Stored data
++++

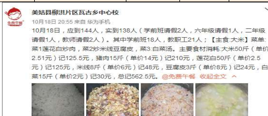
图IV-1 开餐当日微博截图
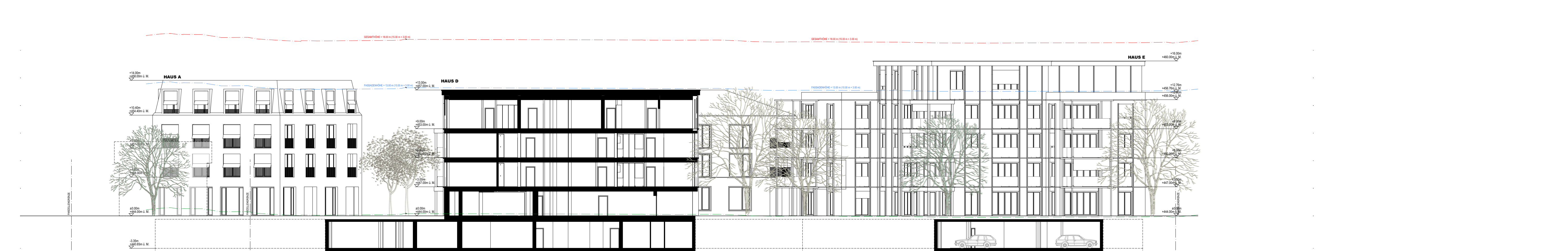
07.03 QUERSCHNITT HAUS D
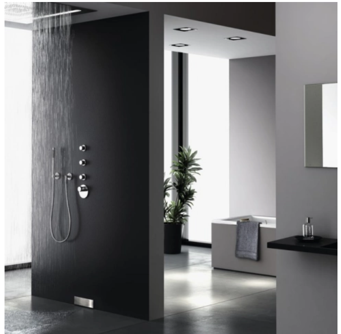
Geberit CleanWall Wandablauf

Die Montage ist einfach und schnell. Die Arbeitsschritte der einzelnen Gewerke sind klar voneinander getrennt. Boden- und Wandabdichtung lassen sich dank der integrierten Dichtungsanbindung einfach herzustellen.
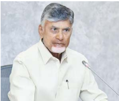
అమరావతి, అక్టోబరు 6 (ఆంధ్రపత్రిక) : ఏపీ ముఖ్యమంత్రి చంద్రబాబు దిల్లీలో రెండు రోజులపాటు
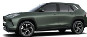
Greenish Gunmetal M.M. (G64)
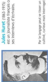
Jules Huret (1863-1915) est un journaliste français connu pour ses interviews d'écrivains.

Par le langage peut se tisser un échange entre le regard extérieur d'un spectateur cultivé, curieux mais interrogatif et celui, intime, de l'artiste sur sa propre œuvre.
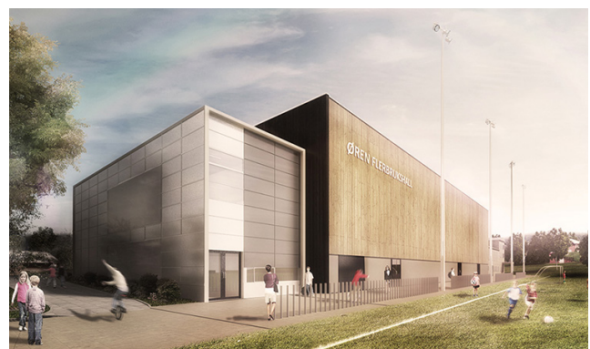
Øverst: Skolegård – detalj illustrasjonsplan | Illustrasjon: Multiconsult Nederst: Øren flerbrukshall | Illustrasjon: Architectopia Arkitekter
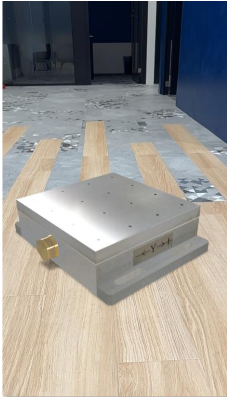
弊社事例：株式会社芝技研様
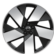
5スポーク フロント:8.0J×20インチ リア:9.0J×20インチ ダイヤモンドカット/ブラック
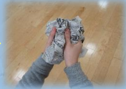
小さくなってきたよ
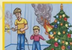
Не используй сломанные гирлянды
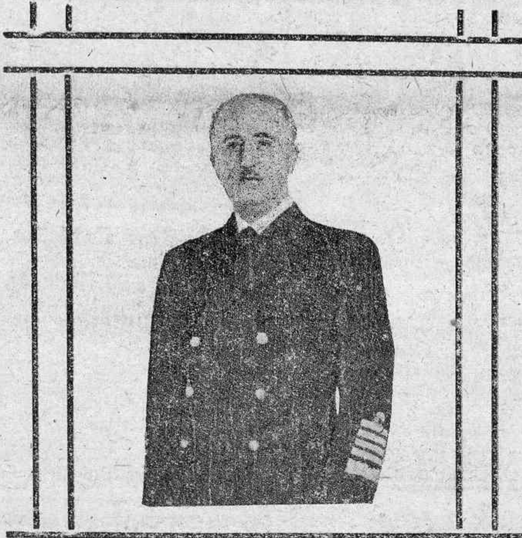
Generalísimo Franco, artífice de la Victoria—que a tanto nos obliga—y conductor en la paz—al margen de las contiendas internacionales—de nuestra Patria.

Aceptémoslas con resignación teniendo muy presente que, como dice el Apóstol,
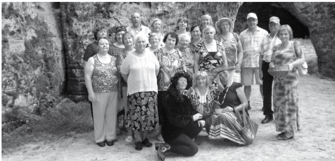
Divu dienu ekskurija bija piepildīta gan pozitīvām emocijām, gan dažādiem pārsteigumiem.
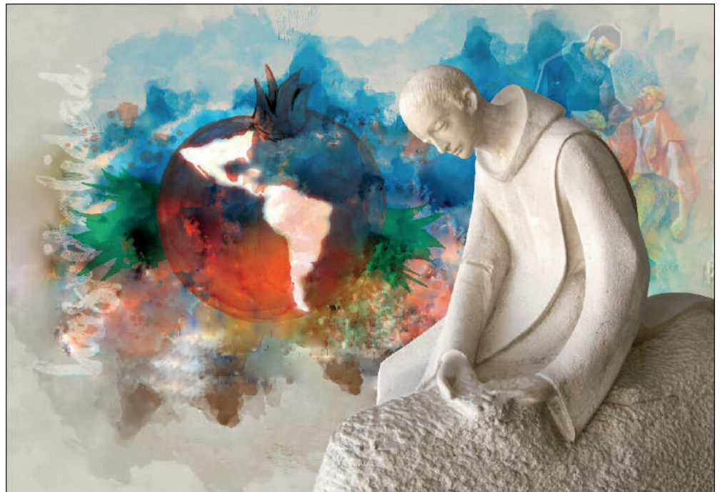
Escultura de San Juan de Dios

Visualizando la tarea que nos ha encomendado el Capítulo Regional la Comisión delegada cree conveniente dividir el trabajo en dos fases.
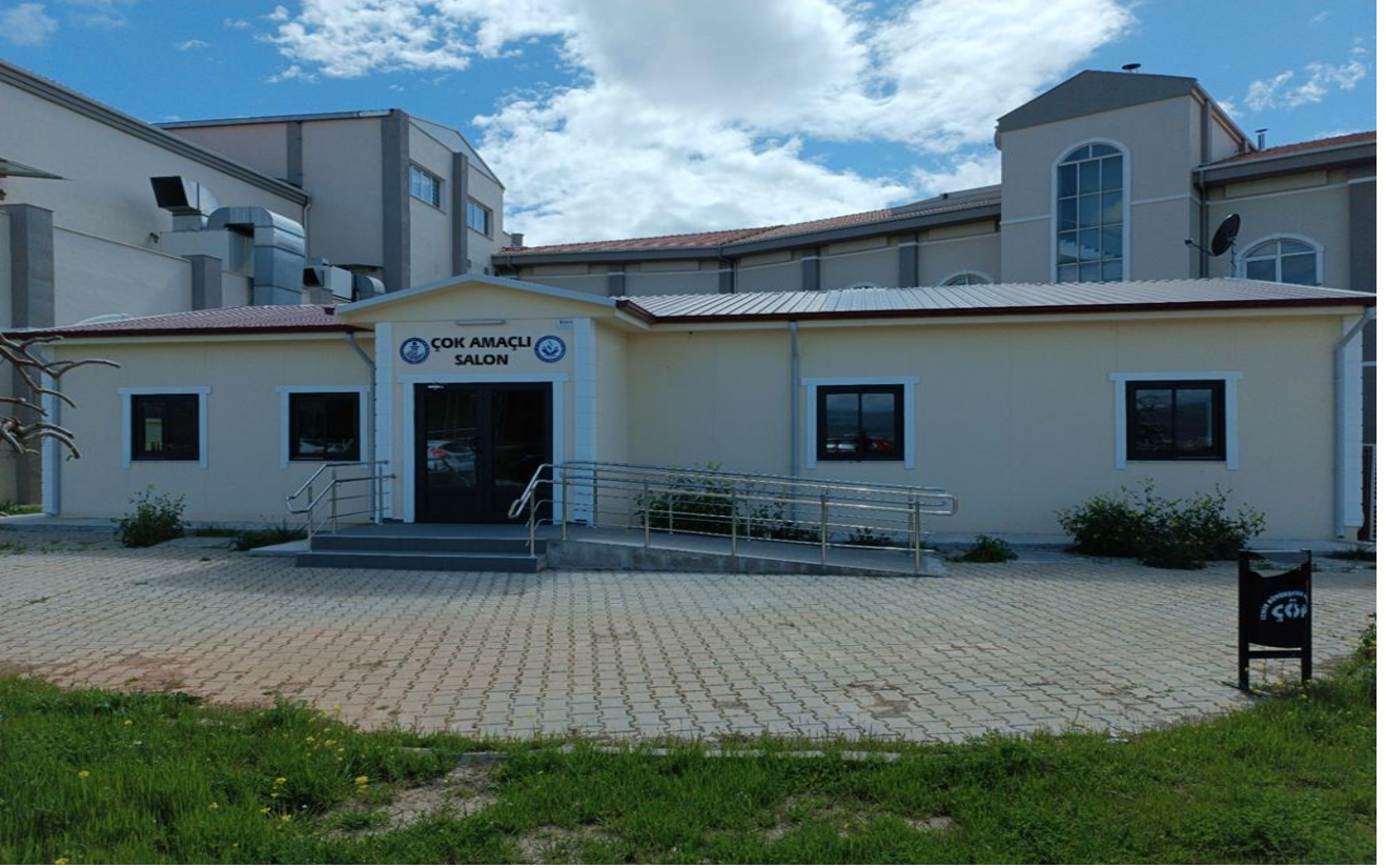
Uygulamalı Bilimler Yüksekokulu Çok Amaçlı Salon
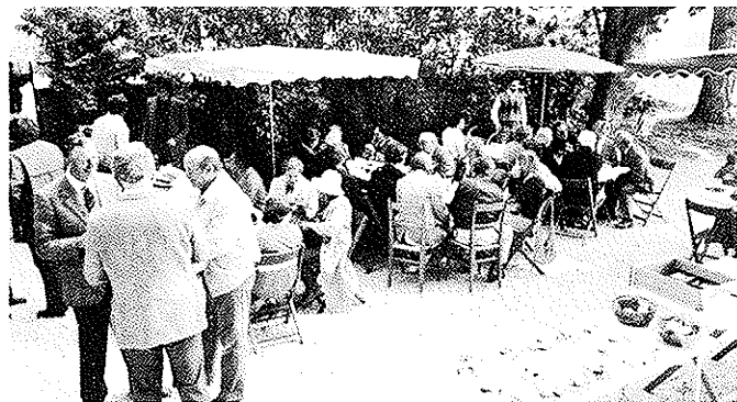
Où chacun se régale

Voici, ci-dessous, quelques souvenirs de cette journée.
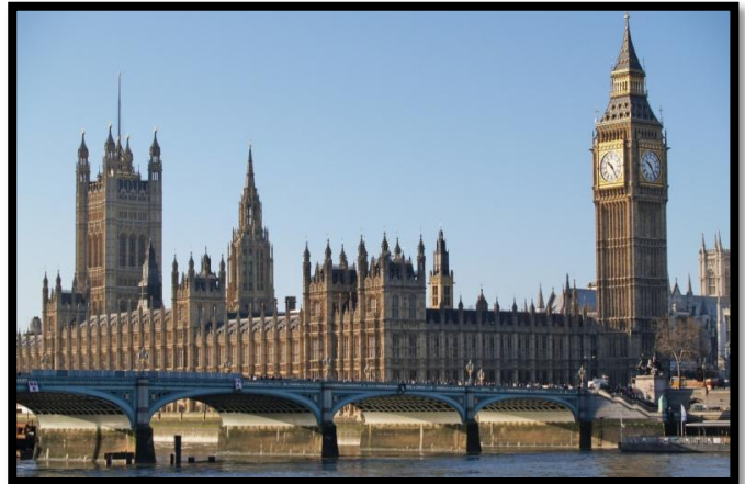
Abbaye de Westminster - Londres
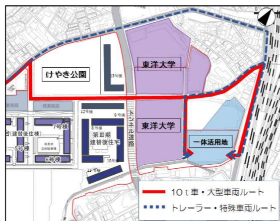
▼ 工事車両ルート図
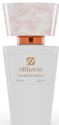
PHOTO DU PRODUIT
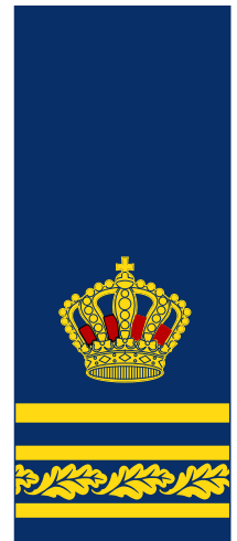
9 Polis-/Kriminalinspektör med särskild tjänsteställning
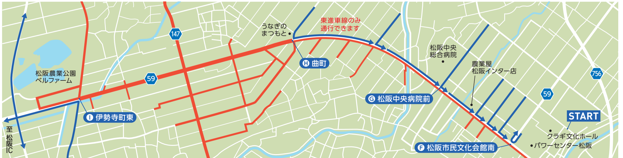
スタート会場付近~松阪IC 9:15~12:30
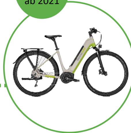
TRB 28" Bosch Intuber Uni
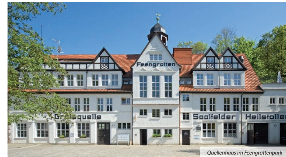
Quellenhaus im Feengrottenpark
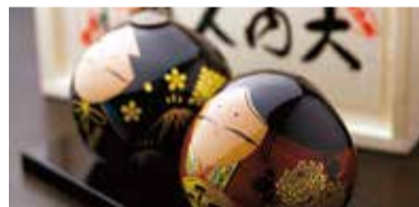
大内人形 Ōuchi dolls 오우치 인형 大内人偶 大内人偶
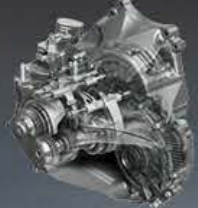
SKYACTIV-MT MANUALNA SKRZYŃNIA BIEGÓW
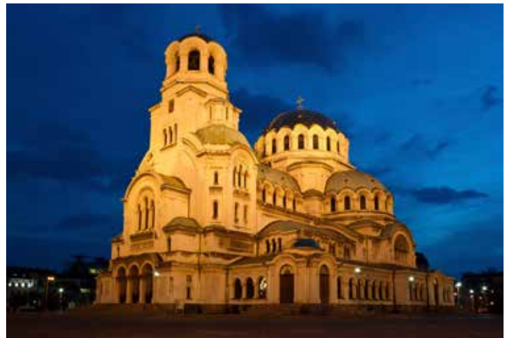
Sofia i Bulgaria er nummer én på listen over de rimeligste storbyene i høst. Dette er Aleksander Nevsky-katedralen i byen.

++++

Without the pictures, restate all the entries above exactly.

图IV-1 开餐当日微博截图
07.03 QUERSCHNITT HAUS D
Geberit CleanWall Wandablauf

Die Montage ist einfach und schnell. Die Arbeitsschritte der einzelnen Gewerke sind klar voneinander getrennt. Boden- und Wandabdichtung lassen sich dank der integrierten Dichtungsanbindung einfach herzustellen.
అమరావతి, అక్టోబరు 6 (ఆంధ్రపత్రిక) : ఏపీ ముఖ్యమంత్రి చంద్రబాబు దిల్లీలో రెండు రోజులపాటు
Greenish Gunmetal M.M. (G64)
Jules Huret (1863-1915) est un journaliste français connu pour ses interviews d'écrivains.

Par le langage peut se tisser un échange entre le regard extérieur d'un spectateur cultivé, curieux mais interrogatif et celui, intime, de l'artiste sur sa propre œuvre.
Øverst: Skolegård – detalj illustrasjonsplan | Illustrasjon: Multiconsult Nederst: Øren flerbrukshall | Illustrasjon: Architectopia Arkitekter
弊社事例：株式会社芝技研様
5スポーク フロント:8.0J×20インチ リア:9.0J×20インチ ダイヤモンドカット/ブラック
小さくなってきたよ
Не используй сломанные гирлянды
Generalísimo Franco, artífice de la Victoria—que a tanto nos obliga—y conductor en la paz—al margen de las contiendas internacionales—de nuestra Patria.

Aceptémoslas con resignación teniendo muy presente que, como dice el Apóstol,
Divu dienu ekskurija bija piepildīta gan pozitīvām emocijām, gan dažādiem pārsteigumiem.
Escultura de San Juan de Dios

Visualizando la tarea que nos ha encomendado el Capítulo Regional la Comisión delegada cree conveniente dividir el trabajo en dos fases.
Uygulamalı Bilimler Yüksekokulu Çok Amaçlı Salon
Où chacun se régale

Voici, ci-dessous, quelques souvenirs de cette journée.
Abbaye de Westminster - Londres
▼ 工事車両ルート図
PHOTO DU PRODUIT
9 Polis-/Kriminalinspektör med särskild tjänsteställning
スタート会場付近~松阪IC 9:15~12:30
TRB 28" Bosch Intuber Uni
Quellenhaus im Feengrottenpark
大内人形 Ōuchi dolls 오우치 인형 大内人偶 大内人偶
SKYACTIV-MT MANUALNA SKRZYŃNIA BIEGÓW
Sofia i Bulgaria er nummer én på listen over de rimeligste storbyene i høst. Dette er Aleksander Nevsky-katedralen i byen.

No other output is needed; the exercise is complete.